Posted by @heartbreaker, Dec 20, 2018

I had an urgent CABG 2 months ago after a heart attack and just now read up on it to find I was put on a heart-lung bypass machine, and there are other options. My heart was stopped for over an hour! I did not have a transfusion but they used a "cell-saver". Now I wish I would have had "off-pump" and minimally invasive Sx because my post op pain was so great. Last week I had another mild heart attack because the smaller graft failed — I am very discouraged. I have to start physical therapy all over. I had NO risk factors for CAD except one: family history. Now I am obsessed with what happened in surgery and how long my heart was stopped, and the pain I went through which was not well controlled.

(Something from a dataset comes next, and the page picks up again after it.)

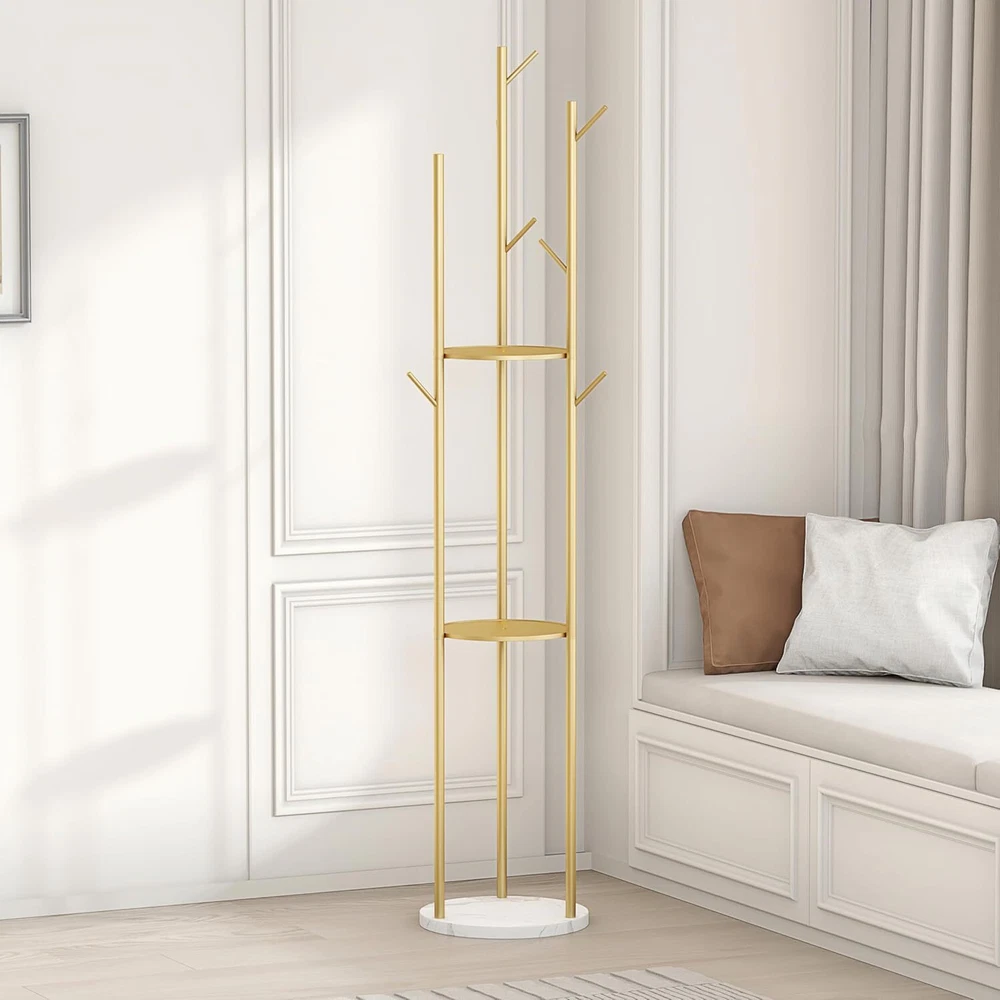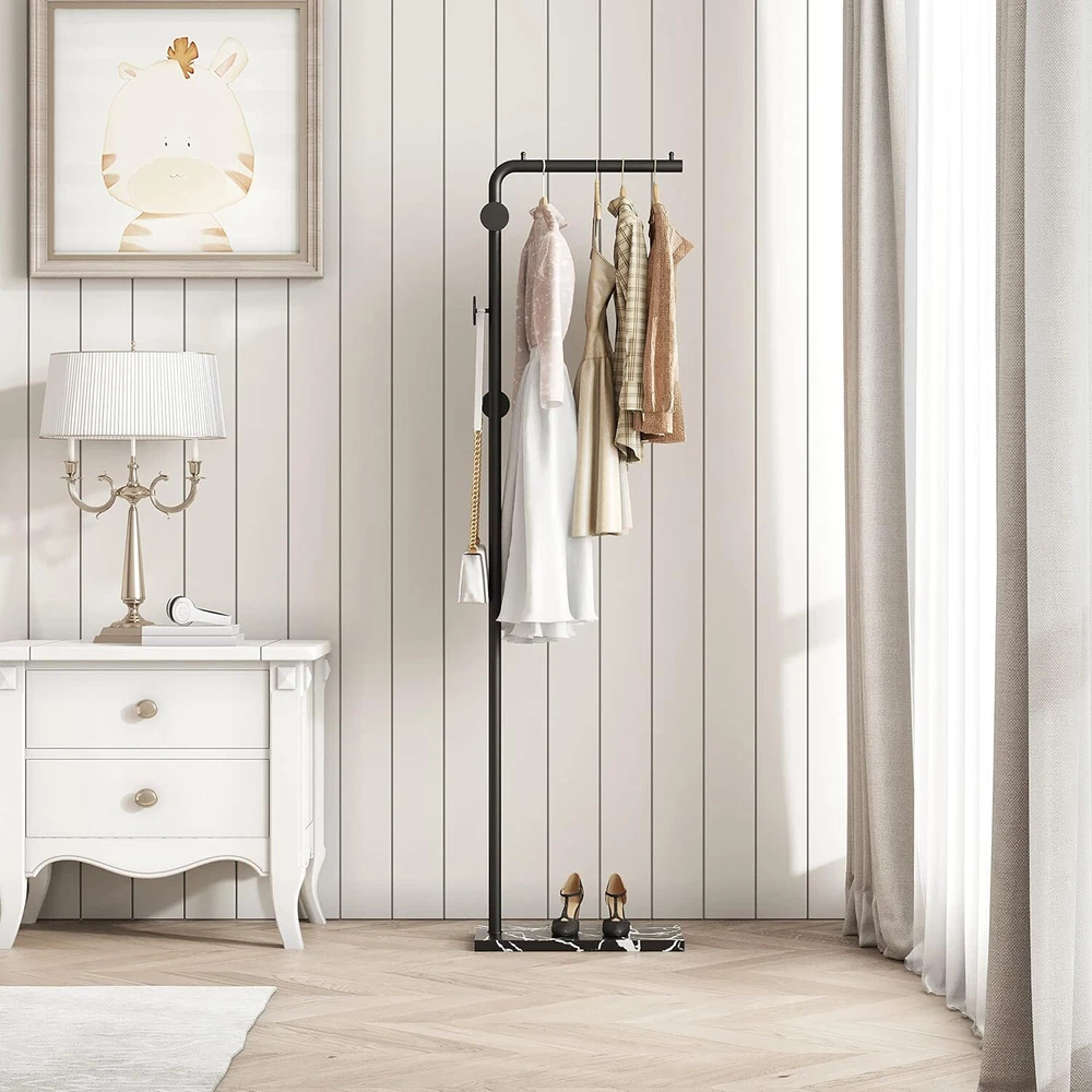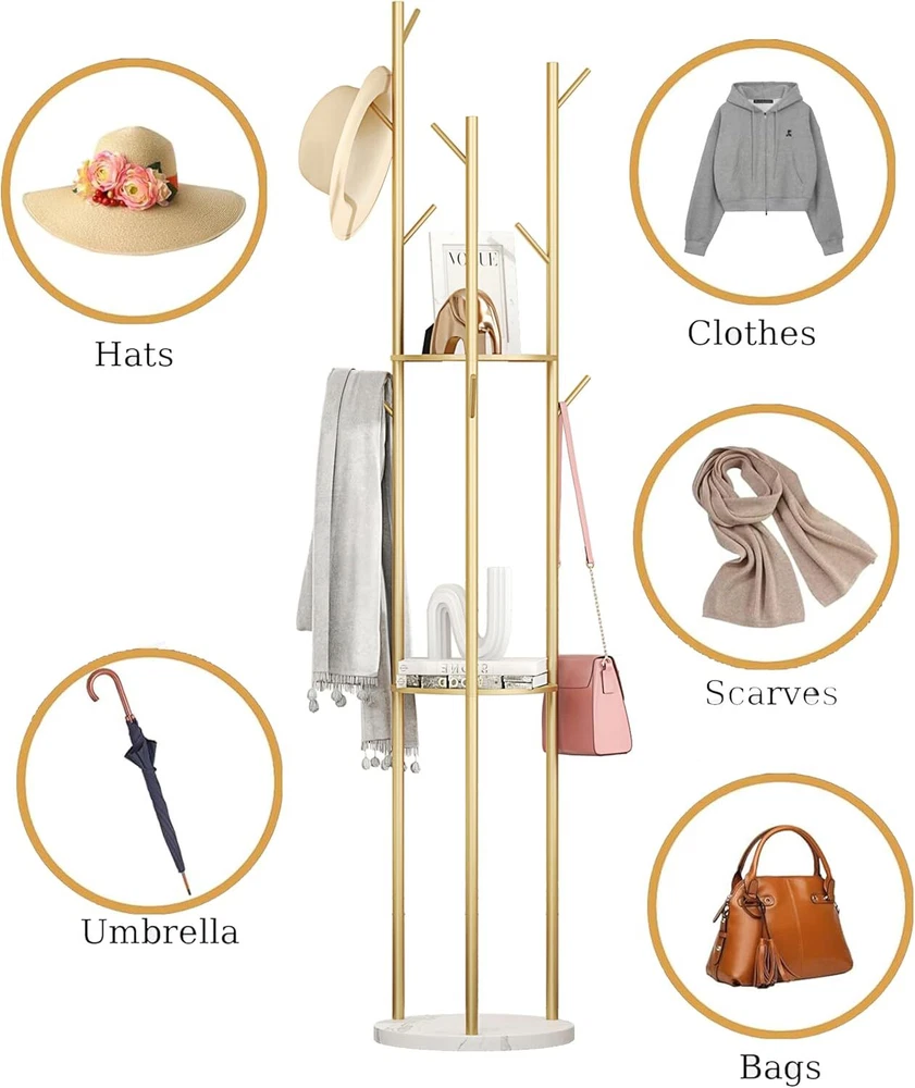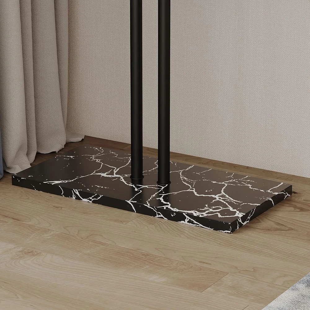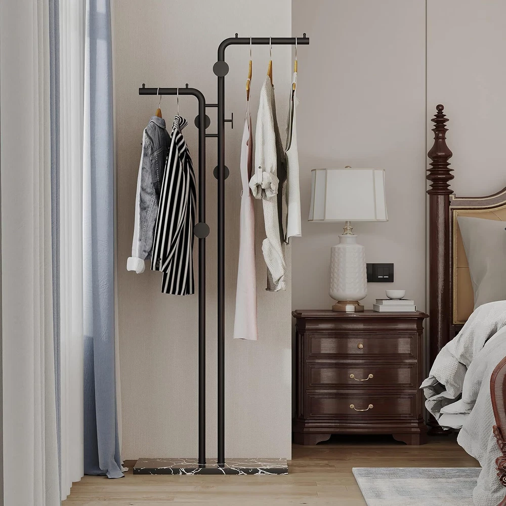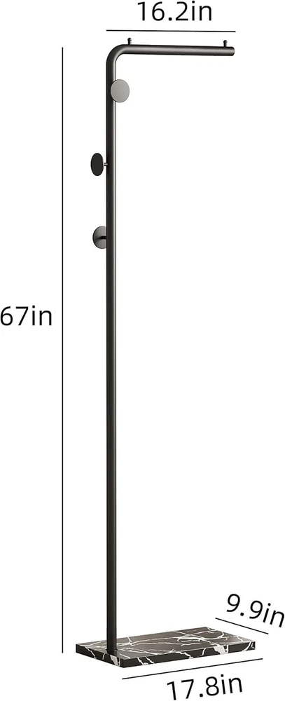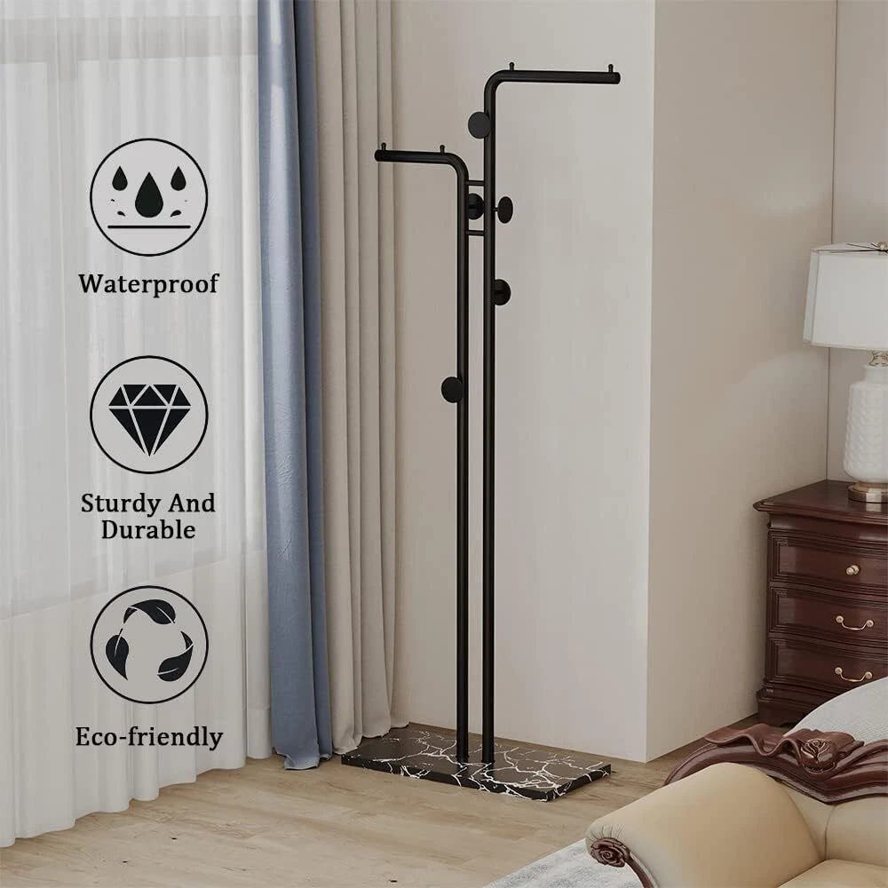 Color Black 2 Pole Material Iron Recommended Uses For Product Coats Hats Shoes Tie & Belt Umbrella Product Dimensions 11.9"D x 23.7"W x 67"H About this item SPACE-SAVING: This coat rack is compact and self-contained with a unique double-bar design that takes up very little space while maximizing storage capacity. It is oil-resistant, scratch-resistant, and easy to clean MODERN & MINIMALIST STYLE: Double-pole freestanding metal coat rack with a satin steel finish, smooth touches, organize your living space with stylish solutions, the anti-drop bead design, are both beautiful and in preventing the hanger from falling off HIGH QUALITY MANUFACTURING: The durable wardrobe is made from high quality iron. The black electroplating and polishing process creates an elegant appearance and a delicate touch. The anti-rust coating allows it to be used in the bathroom DESIGN CONCEPT: Stable like a big tree with many branches. We are a manufacturer dedicated to furniture, all products are from our own hands, every screw contains our love and details EASY TO ASSEMBLE: So easy, assemble in minutes, can be installed on its own in just 10 minutes Tips: The included screws are already installed in the bar of the coat rack

I was so stunned I had a heart attack that I did not want to know anything ahead of the surgery. Why am I stewing over it now? What to do?

REPLY

@heartbreaker welcome to Mayo Connect! Good to have you here. What you are going through is totally normal, and I can relate to you questioning if the right method was selected. I am sure you feel like a ticking time bomb. I had bypass of my celiac artery and they clamped my Aorta for the surgery for a long time due to the procedure taking a bit longer than anticipated… I did not understand that, so I did talk to my surgeon about that and was reassured that everything was fine, that it is completely normal to do that with the type of surgery I had. Not comparing what you went through with my experience….just thinking if you sit down with your surgeon he maybe able to explain what you went through and why he chose to go that route. Just knowing the reasoning can help alleviate some of the anxiety and anger. I hope that makes sense to you? Remember when your heart was stopped your body was being profused. I am sorry to hear about not having your pain controlled that is another issue that leads us to experience post traumatic stress syndrome. How are you doing today? Just want you to know you are not alone, sending healing hugs!

OK — I will try to get an appt. with the surgeon. I appreciate your response and kind words. Yesterday I felt pretty despondent, so I called the hosp. where I had the surgery and asked for the suicide hot line. I called the number and they were very helpful. I need to share my angst with the right people, so I will do that as soon as I can and try to get some psych. help as well.